The severity of this issue can be marked as major or moderate

XuHuaiyu commented 8 months ago

*expression.builtinWeightStringNullSig is built when executing "SELECT WEIGHT_STRING(t2592d2ba.col_2)"

*expression.builtinWeightStringSig is built when executing "SELECT WEIGHT_STRING(cast(t2592d2ba.col_2 as char(20))) "

kennedy8312 commented 5 months ago

Seeing the same issue on v5.4.0 as well.

solotzg commented 1 month ago

According to the implementation https://github.com/pingcap/tidb/blob/568cc224f7083925686d2212faf7043775542ce0/expression/builtin_string.go#L3688-L3690, weightString always returns null for numberic type.
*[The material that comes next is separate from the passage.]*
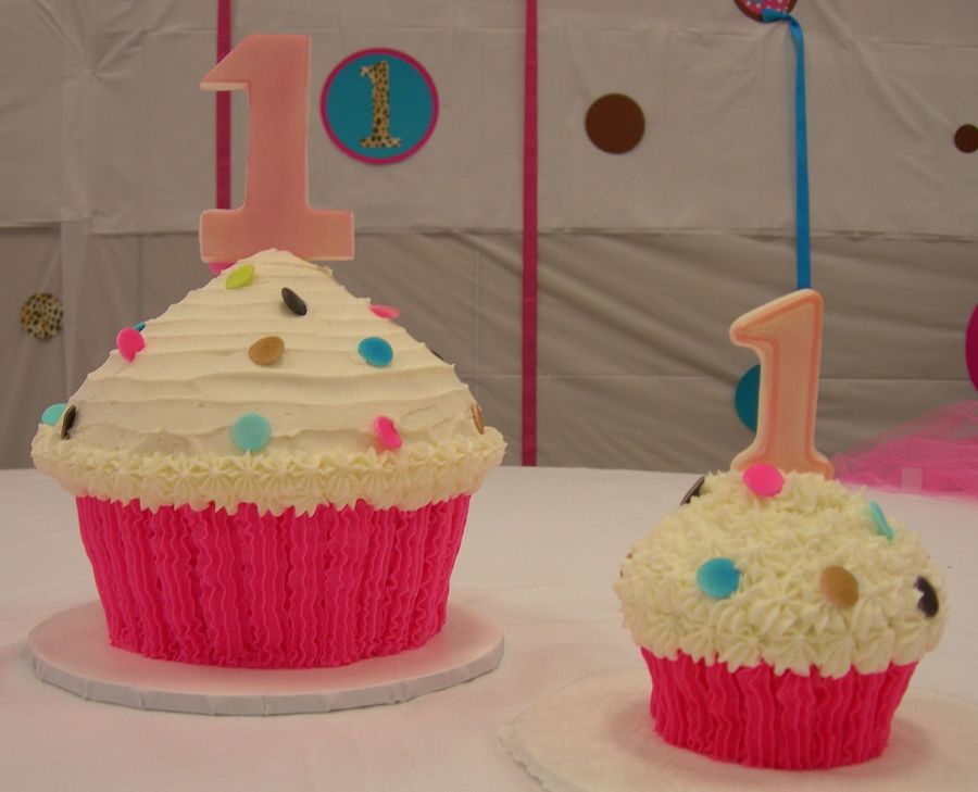 These were made from the Wilton Giant Cupcake pan and the cupcake pan with 4 medium cupcakes. All white with buttercream. Fondant dots and the 1's were white chocolate mint. TFL!

It is a designed behavior rather than a bug.

According to MySQL manual, If the input str is numeric, the result of WEIGHT_STRING() in MySQL is undefined.

cc @XuHuaiyu @bb7133

XuHuaiyu commented 1 month ago

MySQL 5.7

mysql> SELECT  WEIGHT_STRING(`t2592d2ba`.`col_2`) is null as col_12051 FROM `t2592d2ba` WHERE `t2592d2ba`.`col_2` = 0;
+-----------+
| col_12051 |
+-----------+
|         1 |
|         1 |
|         1 |
|         1 |
|         1 |
|         1 |
|         1 |
|         1 |
|         1 |
|         1 |
|         1 |
|         1 |
|         1 |
|         1 |
|         1 |
|         1 |
|         1 |
|         1 |
|         1 |
|         1 |
|         1 |
|         1 |
|         1 |
+-----------+
23 rows in set (0.00 sec)

mysql> select weight_string(0);
+------------------+
| weight_string(0) |
+------------------+
| NULL             |
+------------------+
1 row in set (0.00 sec)

mysql> select version();
+-----------+
| version() |
+-----------+
| 5.7.23    |
+-----------+
1 row in set (0.00 sec)
XuHuaiyu commented 1 month ago

We do not plan to fix this issue, as the MySQL documentation does not clearly specify the return value when the parameter type is numeric. TiDB's current implementation is consistent with MySQL 5.7. Additionally, this is a debug function, not a user function that would be used in a production environment, so we will not be making any changes.